It is also obvious that for Table 2 the only attribute that may be discretized is Length, with the cut point is equal to 0.7. Table 4 presents the current situation: discretized are attributes Length and Height, with cut points 0.7 and 8.7, respectively.

For Table 4 and ${A}^{D}$ = {Length${}^{D}$, Height${}^{D}$}, where Length${}^{D}$ and Height${}^{D}$ denote currently discretized attributes, ${\left({A}^{D}\right)}^{*}$ = {{1}, {2}, {3, 5, 6, 7}, {4}}, and $L\left({A}^{D}\right)=0.429$, so further discretization is necessary. However, by analysis of Table 4 we may easily discover that all what we need to do is to distinguish cases 3 and 5 from cases 6 and 7 and that cases 3 and 4 do not need to be distinguished. Thus, our next table to be discretized is presented as Table 5 (note that Table 5 is simpler than Table 3). We will continue discretization by recursion. Our final choice of cut points is 1.6 for Weight, 0.7 for Length, and 8.7 and 12.7 for Height. The final discretized table is presented as Table 6.
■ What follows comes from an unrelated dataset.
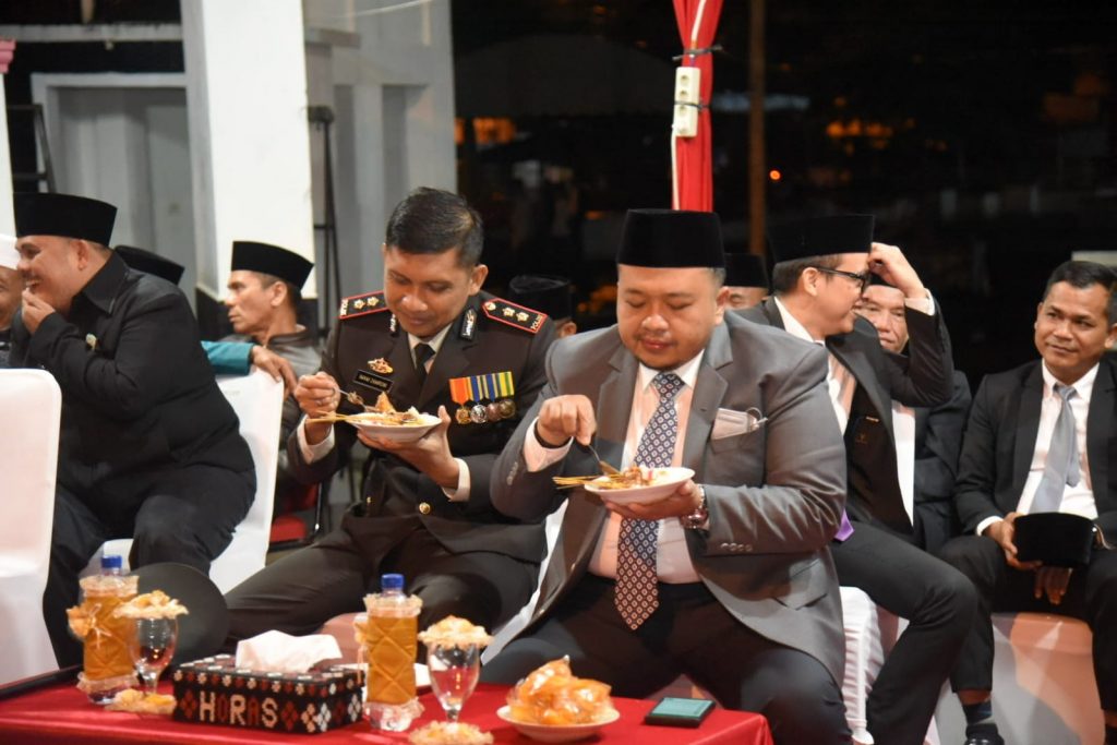 TAPSEL-Bupati Tapanuli Selatan (Tapsel) Dolly Pasaribu dan Forum Komunikasi Pimpinan Daerah (Forkopimda) terlihat kompak menikmati makan sate gerobak saat berada di atas panggung kehormatan disela acara malam penetapan waktu (Taptu) atau pawai obor dalam menyambut HUT Republik Indonesia Ke-78 di Adian Pardomuan Sipirok, Kecamatan setempat, Rabu (16/8) malam.

**Table 2.**The first sub-table of Table 1.

Case | Attributes | Decision Price | ||
---|---|---|---|---|

Weight | Length | Height | ||

1 | 0.8 | 0.3 | 7.2 | very small |

2 | 0.8 | 1.1 | 7.2 | small |

**Table 3.**The second sub-table of Table 1.

Case | Attributes | Decision Price | ||
---|---|---|---|---|

Weight | Length | Height | ||

3 | 0.8 | 1.1 | 10.2 | medium |

4 | 1.2 | 0.3 | 10.2 | medium |

5 | 1.2 | 2.3 | 10.2 | medium |

6 | 2.0 | 2.3 | 10.2 | high |

7 | 2.0 | 2.3 | 15.2 | very high |

**Table 4.**Table 1, partially discretized, with attributes Length and Height.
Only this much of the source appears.